Sunday, August 18, 2024

My Favorite Creekbeds

 Woke up in the darknesss last night as I regained consciousness I noticed that a rainstorm had started. A more beats of consciousness brought to me the awareness that it was a ferocious storm of heavy hand and strong winds, the kind found at the front of the storm as it comes in. My instinctual reaction to panic slightly that something might be getting rained on, that I would prefer not to get rained on, kicked in, and it was confirmed in my conscious mind by the remembrance that I had used the rice-paper folding screen on the porch the previous day but had not put it away the night before, but left it out by the edge of the patio. Even in mild winds it is prone to tipping over, and then of impaling itself (yet again) on the posts of the bamboo folding fence, which is sturdy in all winds, but not high enough to provide the necessary shade for the sun in the morning hours. The rice paper folding screen is higher, and serves that purpose well in the morning despite multiple punctures from my negligence.

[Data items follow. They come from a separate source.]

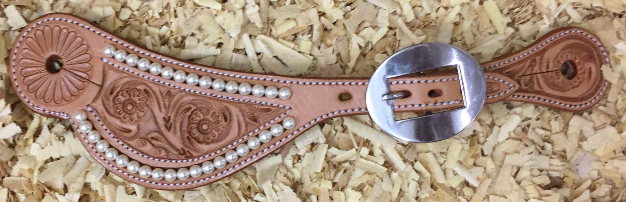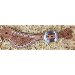 Westernové kožené řemínky k ostruhám zdobené květinovým vzorem a perlami Swarowski, obšité a podložené telecí kůží, nerezové kování.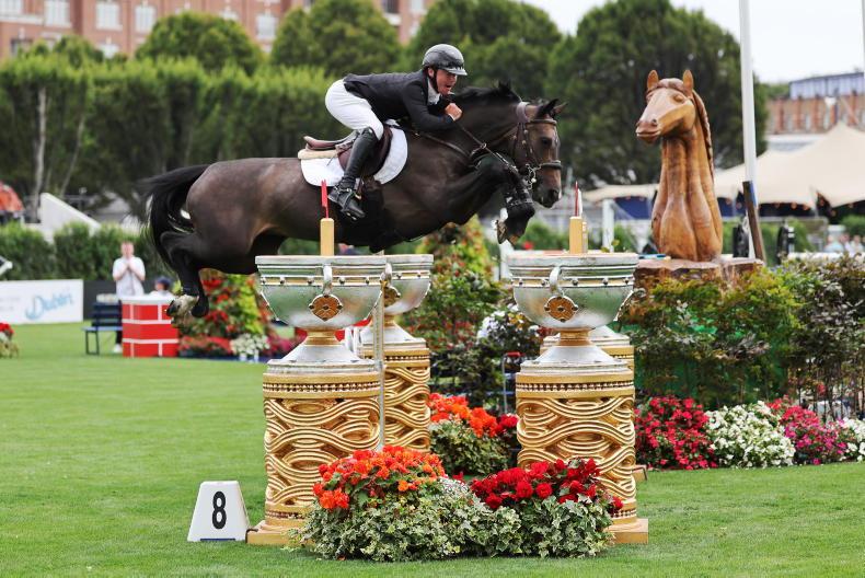 Mikey Pender and HHS Fortune won the Minerva Stakes on the opening day of the Dublin Horse Show \ Laurence Dunne Jumpinaction.net
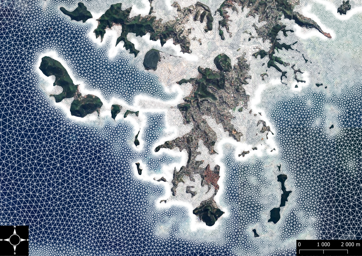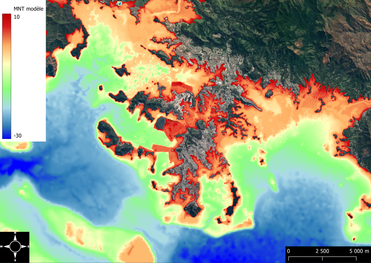 En Nouvelle-Calédonie, nous explorons le potentiel des satellites pour alimenter un jumeau numérique permettant de faire des modélisations de submersion marine. Nous nous concentrons dans un premier temps sur la zone de Nouméa, qui concentre la majeure partie de la population et des enjeux à l’échelle de l’île. Une première ébauche de jumeau numérique de submersion marine a ainsi été réalisée par le BRGM. Il permet par exemple d’évaluer la hauteur d’eau atteinte lors d’un évènement d’inondation et les vitesses des courants sur les secteurs inondés.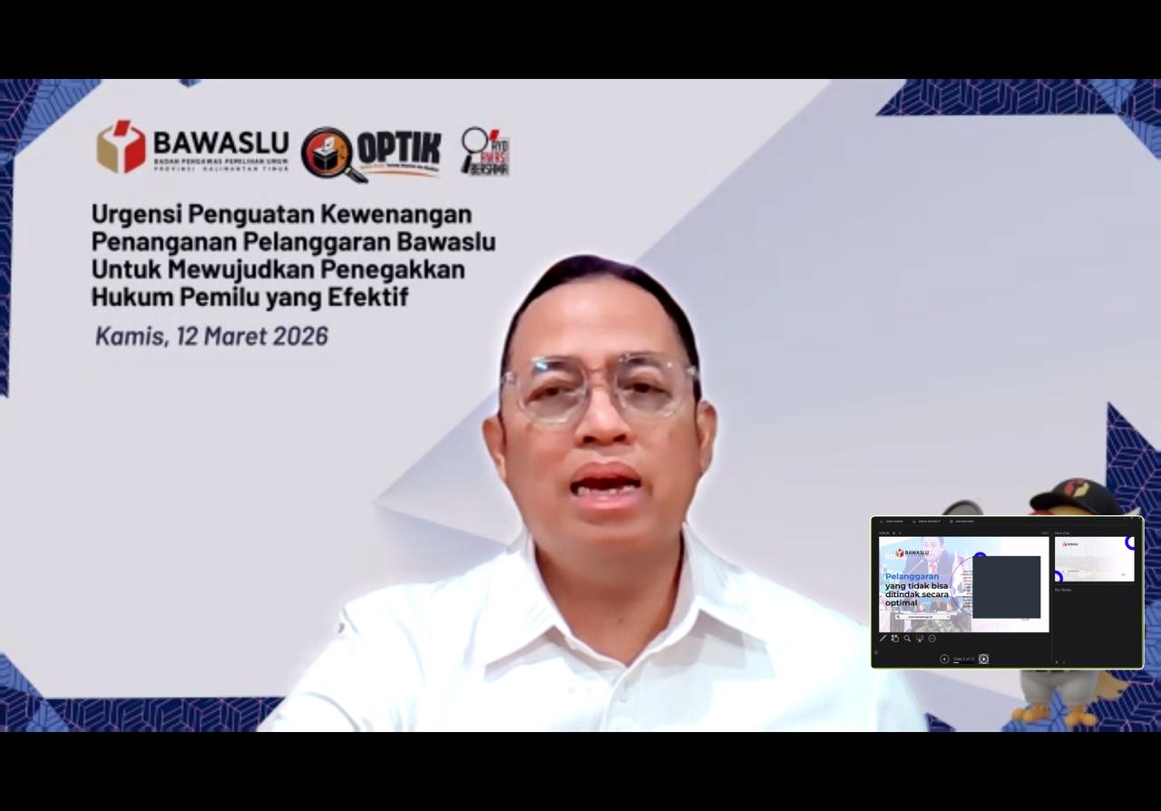 “Pemilu yang jujur dan adil hanya dapat terwujud apabila sistem penegakan hukum pemilu mampu mendeteksi, menindak, dan mencegah pelanggaran secara efektif,” ujar Puadi dalam kegiatan OPTIK: Obrolan Pemilu tentang Integritas dan Keadilan yang diselenggarakan oleh Bawaslu Provinsi Kalimantan Timur melalui Zoom Meeting, Kamis (12/3/2026).
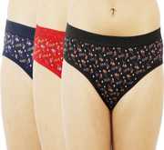 Fun, girly and trendy, these pretty low - waist panties in a pack of three, are the perfect all-rounders. The stretch cotton fabric makes them score high on comfort, while the vibrant, bubbly shades up their style quotient. Soft elastic on the waist gently hugs your waist and the full rear coverage provides a seamless too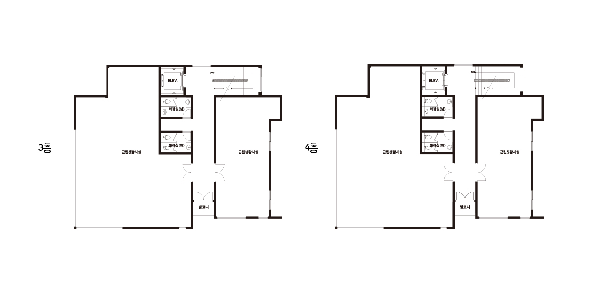 | 2F | 2층 구성: 근린생활시설, 화장실 (3,4층) |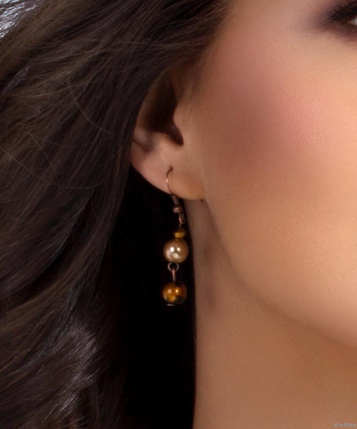 Üveggyöngyös fülbevaló, aranyszínű kristályokkal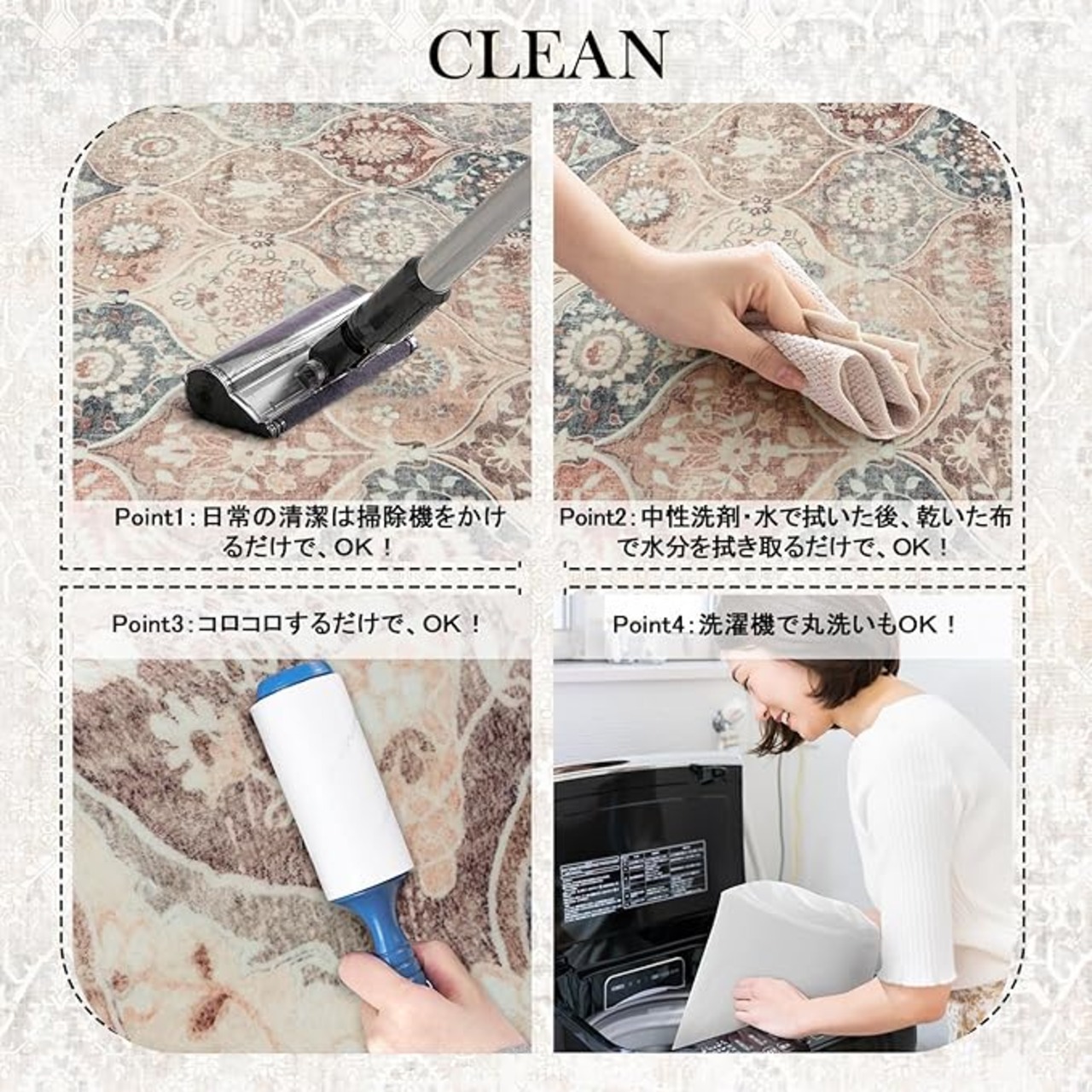 【お手入れ簡単】毛足は短くて密度が高く、ゴミや髪が絡みにくく、日常の清潔は掃除機をかけるだけでキレイ になります。また、汚れた場合は手洗いや洗濯ネットに入れて洗濯機で洗うことができます(ご注意:風通し の良いところで陰干しし、アイロン、乾燥機のご使用をお避け下さい。)

The rain was hard and I sat outside savoring it in the pitch darkness, on the rustic rocking chair that belongs technically to her mother, as it sat on their porch in their log cabin in Ohio before they moved to Arizona.

The peak of the ferociousness of the wind passed and gave way to mild gusts amidst a heavy steady downpour, which splashed onto the tilied roofs of the building and the asphalt and concrete below. Such a rain here is rare. "A monsoon rain at last," I said. We had gonie long into the summer without one, even as storms hit other parts of the Valley. We had seen dense dark clouds over the mountains, and rain had come to the far side but not to us. Finally we got some relief. 

I imagined out in the darkness the stream beds gathering up into a laminar sheets of water in the depressions, and then elongated into longer sheets until they connect and like a train, begin rolling downhills on the soaked ground, held above by the surface tension of the water. My favorite creek beds would begin flowing, even they have been re-engineered by the landscaping needs of development.